**Exercise goal**
Among the records below, find the line with "Bagokie 3 Piece" and the line with "Nach intensiver Beschäftigung". Set down both and every line between, exactly and with no pictures, but nothing else.

[Stored data entries]
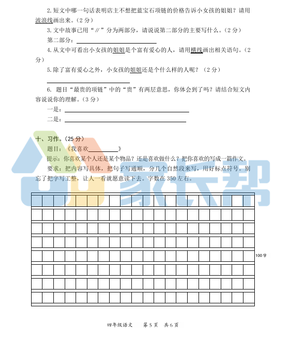 2019年武汉市东湖高新区小学四年级语文期末试卷(图片版)(5)
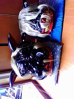 今制作の依頼を受けて、お預かりしている大きく他に類を見ないお獅子を御紹介いたします。右のお獅子が一般的な大きさですから、その巨大さがお解かりかと思います。いやぁー、ちゃんと横にしてお見せしたいですね。読者の皆さんは首を左に傾けてご覧いただいておるでしょうね。右に傾けたり左に傾けたり、丁度肩こりの運動になりますね。ははは このお獅子を彫るには、生活を一緒にして、家族同様に馴染まないと彫れないなぁーなんて思っています。一緒にお酒を飲んで、齢百歳のお獅子の話を肴にして秋の気配を楽しんでおりますぞ。
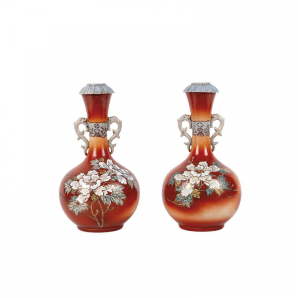 Pareja de jarrones japoneses en porcelana esmaltada y vidriada. Decoración floral y de motivos vegetales. Japón, Ff. S. XIX - Pps. S. XX.
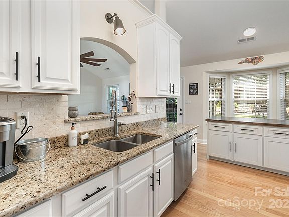This meticulously maintained home offers modern upgrades, including a new furnace, AC outdoor unit, redesigned ductwork for efficiency, and a mini-split unit added in 2023. The modern kitchen, with its gas range, is perfect for cooking enthusiasts. Outdoors, enjoy the screened-in back porch and patio with a pre-connected natural gas Weber grill. The property is equipped with Google Fiber hookup, Nest thermostat/doorbells, and a wired Google camera in the garage for added safety. Plus, benefit from the convenience of a modern WiFi-enabled garage door opener. The roof was replaced in 2021 and is under warranty. The landscaped yard and storage shed add to the property's appeal. Community amenities include a dog park, outdoor pool, picnic area, and playground. Conveniently located near I-485 and I-85 for easy access to Charlotte and an even shorter distance to Harrisburg for access to a wide variety of shopping and restaurants.
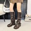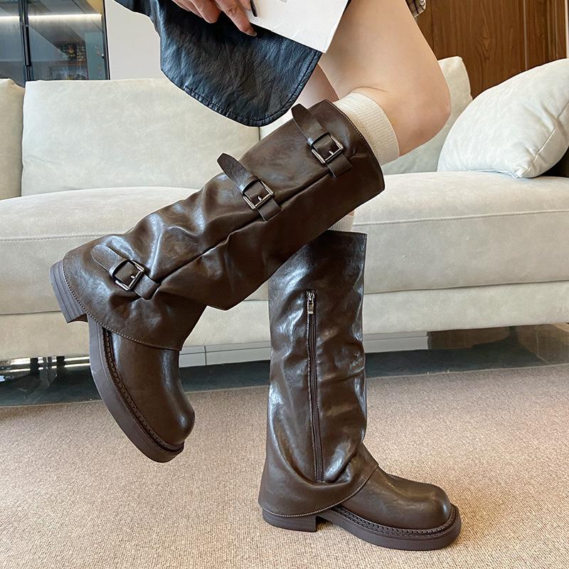 25-922 retro thick heel mid boots knight boots 2025 spring and autumn new thin pile small short boots niche women's shoes
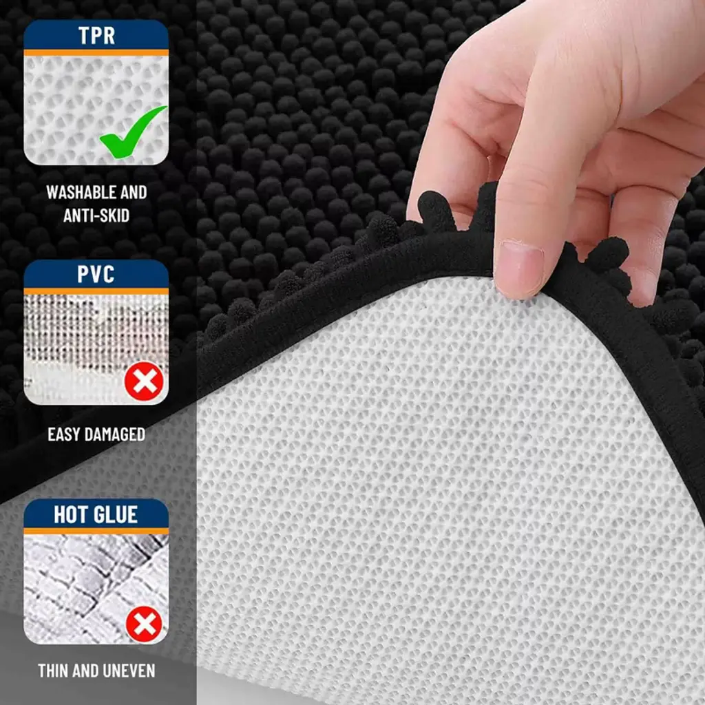 Bagokie 3 Piece Chenille Bathroom Rug Set, Black
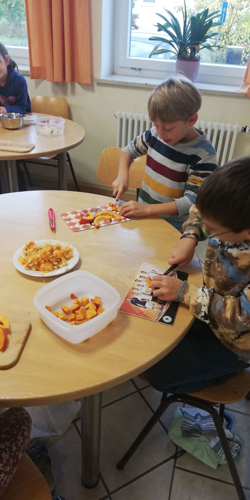 Nach intensiver Beschäftigung mit Gemüse im HSU-Unterricht durften die Kinder der 2. Klasse am 25.10. das Gemüse auch verkosten. Die cremige Gemüsesuppe hatten sie vorher gemeinsam gekocht. In sechs Gruppen wurden verschiedene Gemüsesorten gewaschen, geschält und geschnitten. Anschließend wurde das Gemüse angebraten und mit Brühe gekocht. Zum Schluss kam Sahne dazu und alles wurde püriert.
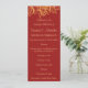 An elegant gold, floral wedding program with a bouquet of gold flowers and leaves at the top on a red base. All of the details on both sides of the card can be easily personalized to suit. The reverse features a single gold bouquet at the very bottom. This stylish and contemporary wedding program is part of a complete matching wedding suite, which you can see in full here: https://www.zazzle.com/collections/gold_glitter_floral_sparkles_red_wedding-119325129141873468
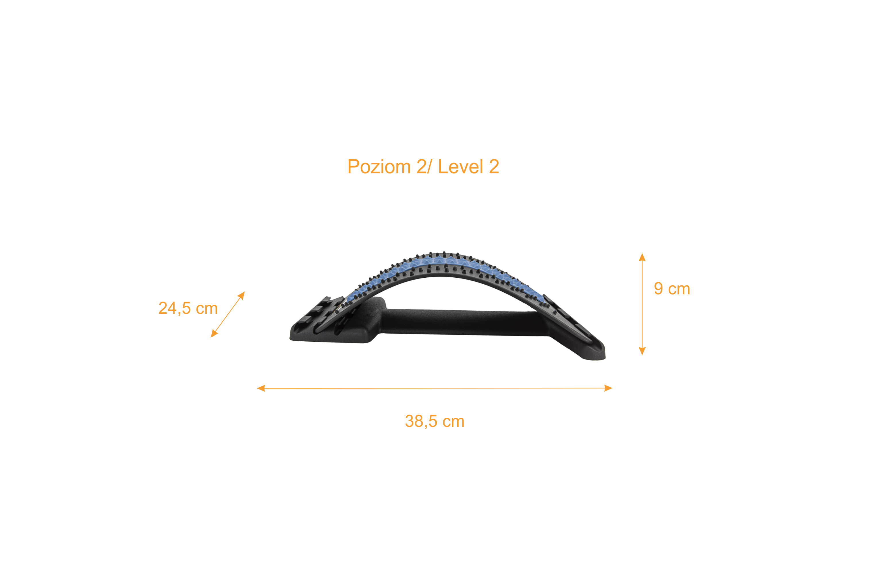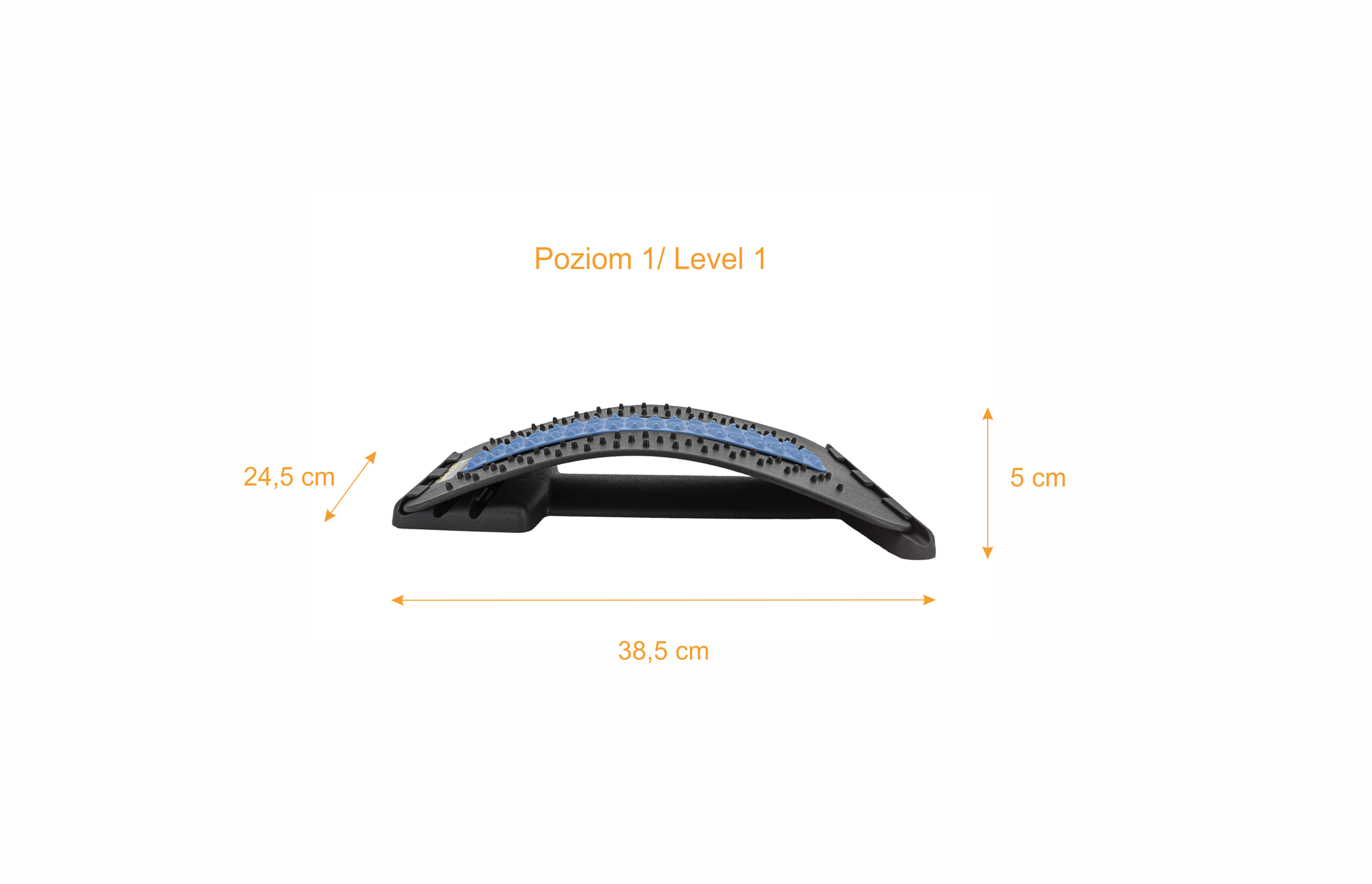 Zamocuj łuk podporowy na wybranym poziomie i połóż produkt na macie. Szersza krawędź wyrobu powinna znajdować się blisko podstawy kręgosłupa, tak aby łuk podporowy wspierał odcinek lędźwiowy pleców, a węższa krawędź produktu skierowana była w stronę głowy. Zawsze używaj produktu skierowanego w odpowiednią stronę. Usiądź plecami w stronę produktu i powoli połóż się na nim z ugiętymi kolanami. Spróbuj wyśrodkować kręgosłup na niebieskiej taśmie, która jest zaprojektowana tak, aby obejmowała go wygodnie i zapewniała dodatkowy komfort. Jeśli potrzebujesz, możesz umieścić poduszkę pod głową, aby zwiększyć swoją wygodę lub gdy podczas rozciągania się na produkcie Twoja głowa nie dotyka do podłoża.

**Expected answer**
 Bagokie 3 Piece Chenille Bathroom Rug Set, Black
 Nach intensiver Beschäftigung mit Gemüse im HSU-Unterricht durften die Kinder der 2. Klasse am 25.10. das Gemüse auch verkosten. Die cremige Gemüsesuppe hatten sie vorher gemeinsam gekocht. In sechs Gruppen wurden verschiedene Gemüsesorten gewaschen, geschält und geschnitten. Anschließend wurde das Gemüse angebraten und mit Brühe gekocht. Zum Schluss kam Sahne dazu und alles wurde püriert.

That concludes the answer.